Derivatization of Surfaces via Reaction of Strained Silicon-Carbon Bonds. Characterization by Photoacoustic Spectroscopy

Ferrocene-centered reagents can be bound to the surface of high surface area (400 m²/g) silica by reaction of the silica with alkane solutions of (1,1'-ferrocenediyl)dichlorosilane (Ia), (1,1'-ferrocenediyl)dimethylsilane (lb), or (1,1'-ferrocenediyl)diphenylsilane (Ic). Derivatization is not found when ferrocene itself is used as the derivatization reagent; ferrocene is easily washed from the silica powder by solvents which do not affect the ferrocene centers bound upon reaction of the silica with la-c. As determined by photoacoustic spectroscopy, derivatization with Ia-c results in ring opening of the strained C-Si-C linkage bridging the two cyclopentadienyl rings to yield a simple, monosubstituted ferrocene center attached to the surface.
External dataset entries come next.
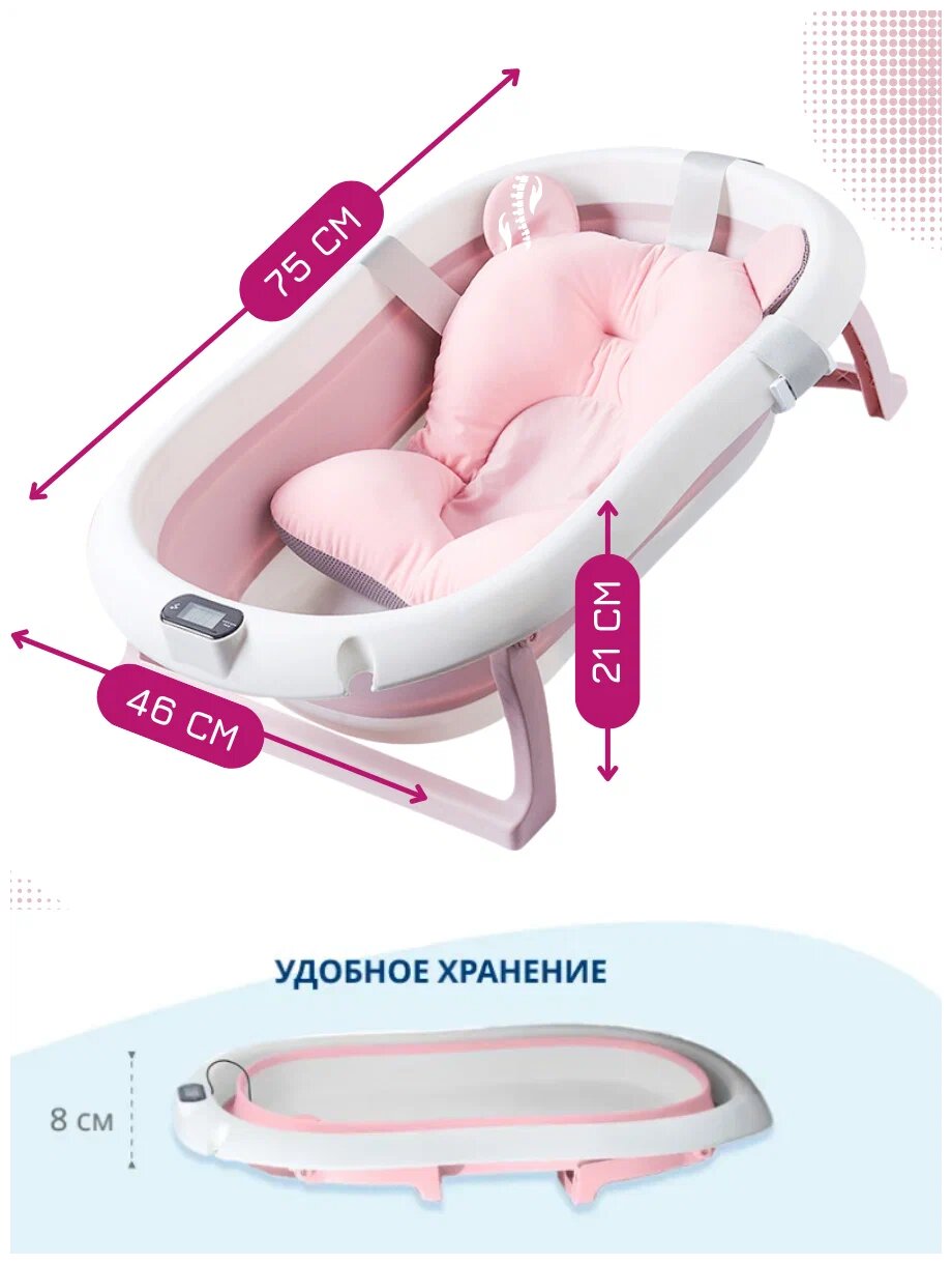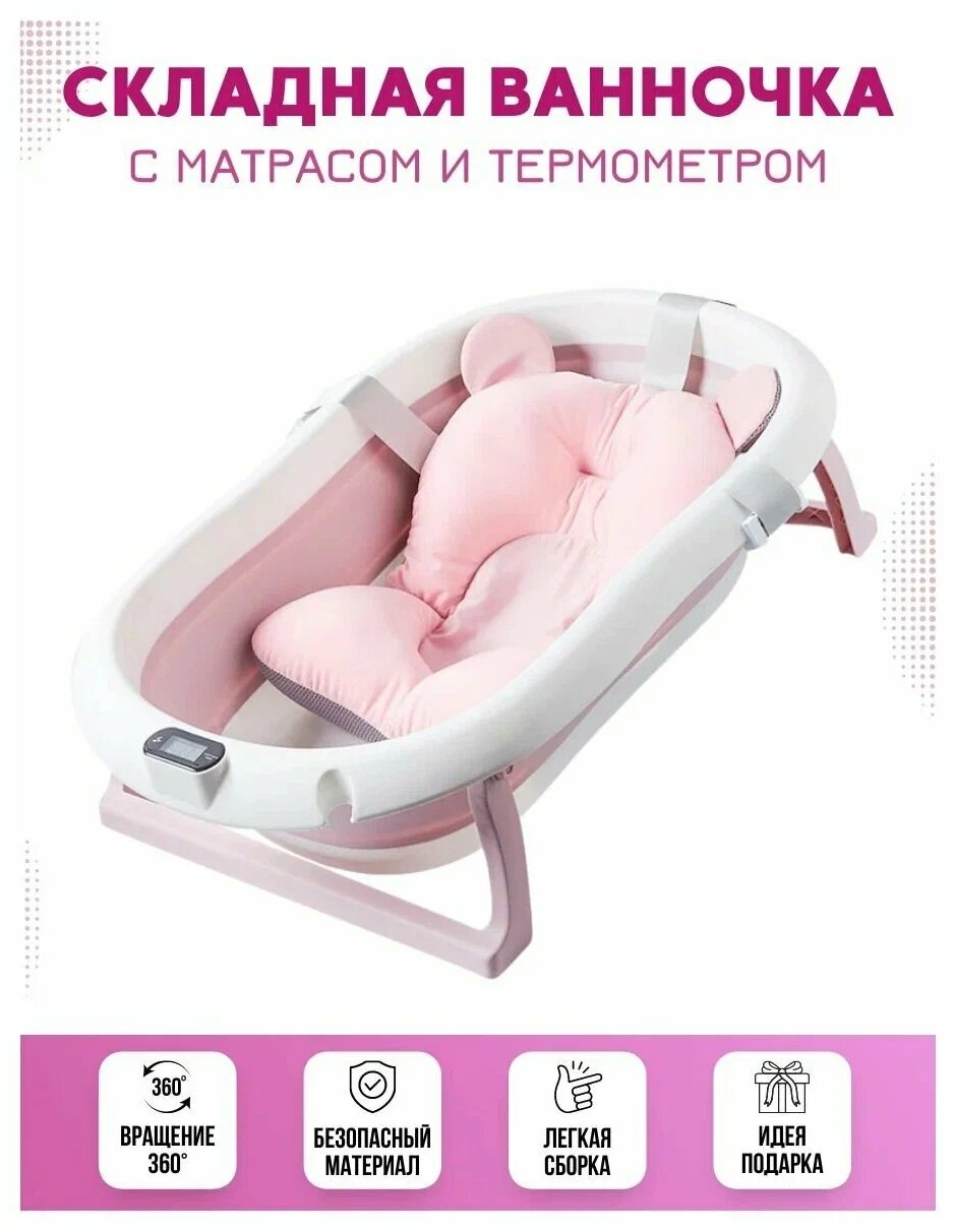 Купить Ванночка для купания новорожденных детей, складная детская, с термометром и матрасиком, для мальчиков и девочек
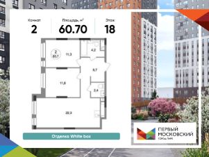 Общая площадь квартиры - 60,7 кв. м, этаж 18 из 19.
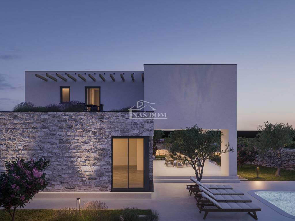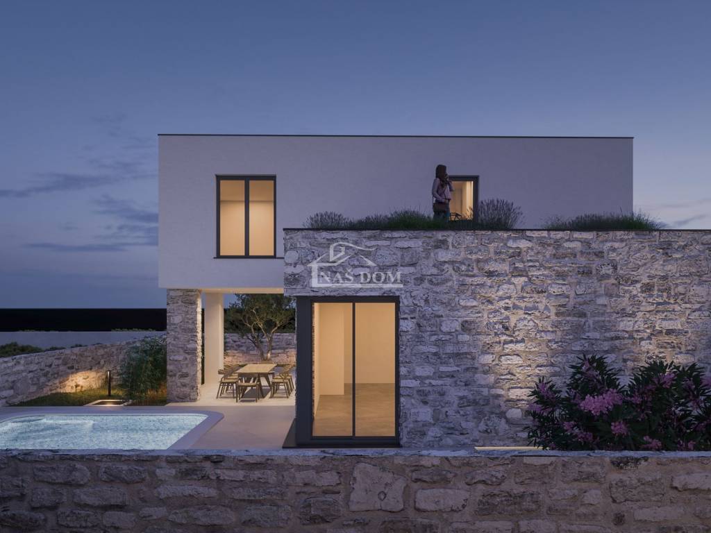 Zaton - a luxury urban villa with a swimming pool is for sale in a quiet location. The house has a gross area of 171.20 m² (net living area 141.6 m²) and consists of two floors: ground floor + first floor. On the ground floor there is an entrance, hallway, bedroom, bathroom, open space kitchen with dining area, and living room with access to a partially covered terrace and garden. The ground floor also includes a technical room and additional storage/pantry. An internal staircase leads to the first floor of the house, where there is a corridor, two bedrooms, a bathroom, a master bedroom with its own bathroom, and a terrace.
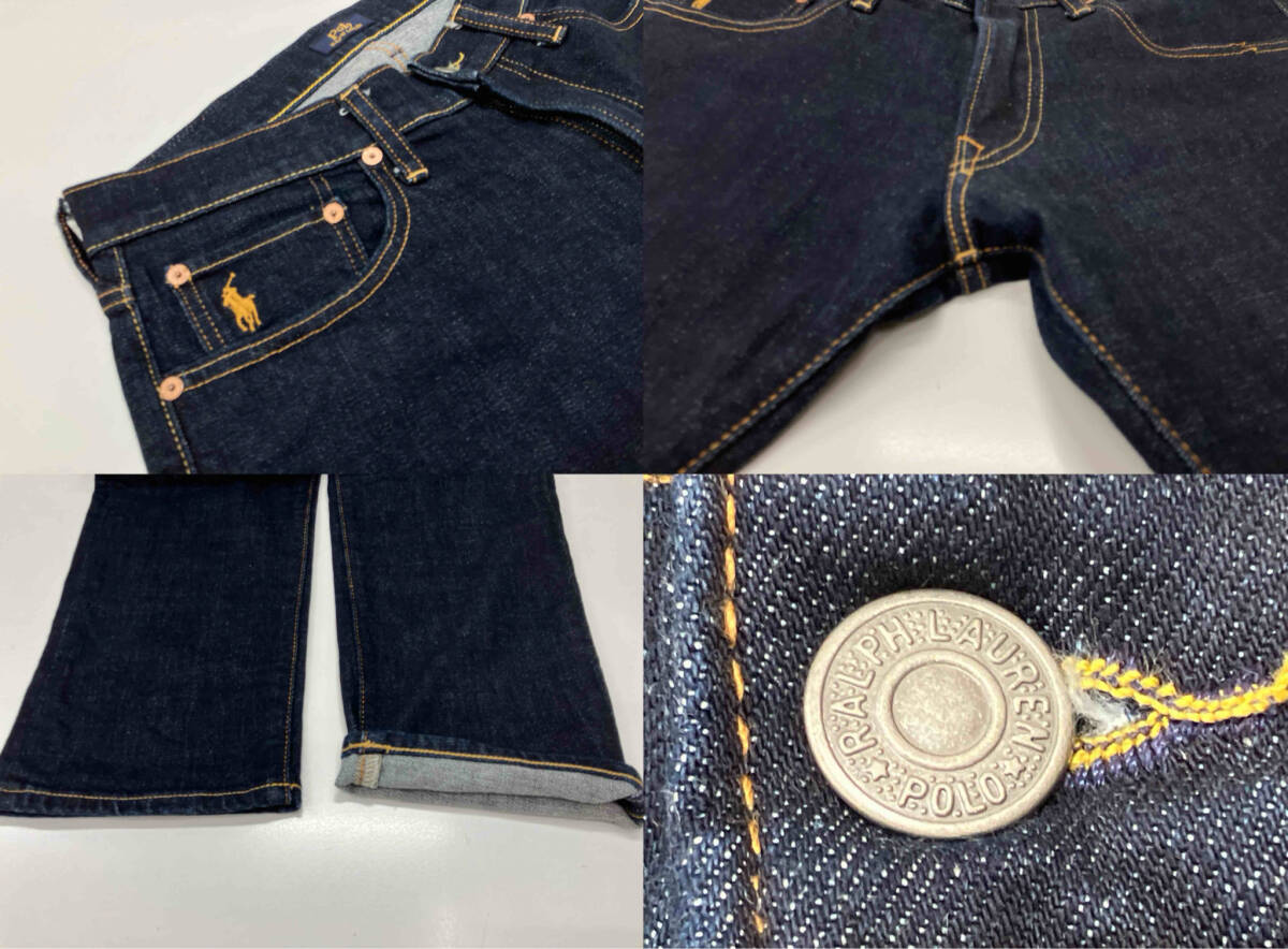 ウエスト: 90cm / ヒップ: 100cm 腿周り: 46cm 股上:21cm 股下: 74cm 綿99% ポリウレタン1%/牛革 |

Surface -OH functionality apparently reacts in a manner analogous to homogeneous solution sources of -OH such as MeOH. Reaction of lb with MeOD yields [Fe(ƞ⁵-C⁵H⁴D)(ƞ⁵-C₅H₄Si(OMe)Me₂)]. Optical absorption spectral changes accompanying reaction of Ia-c with solution sources of -OH are consistent with the differences found in the photoacoustic spectra of the pure powders of Ia-c compared to the silica powders derivatized with these reagents. Reaction of silica powders derivatized with Ia-c with acidic solutions of benzoquinone results in the oxidation of the surface-confined ferrocene centers to ferricenium centers giving photoacoustic spectra nearly the same as that from an authentic sample of a pure ferricenium salt. The surface-confined ferricenium can be used to oxidize N,N,N',N'-tetramethyl-p-phenylenediamine (TMPD) to TMPD⁺. in solution; this reaction allows an estimate of the surface coverage at 10^-11 mol/cm².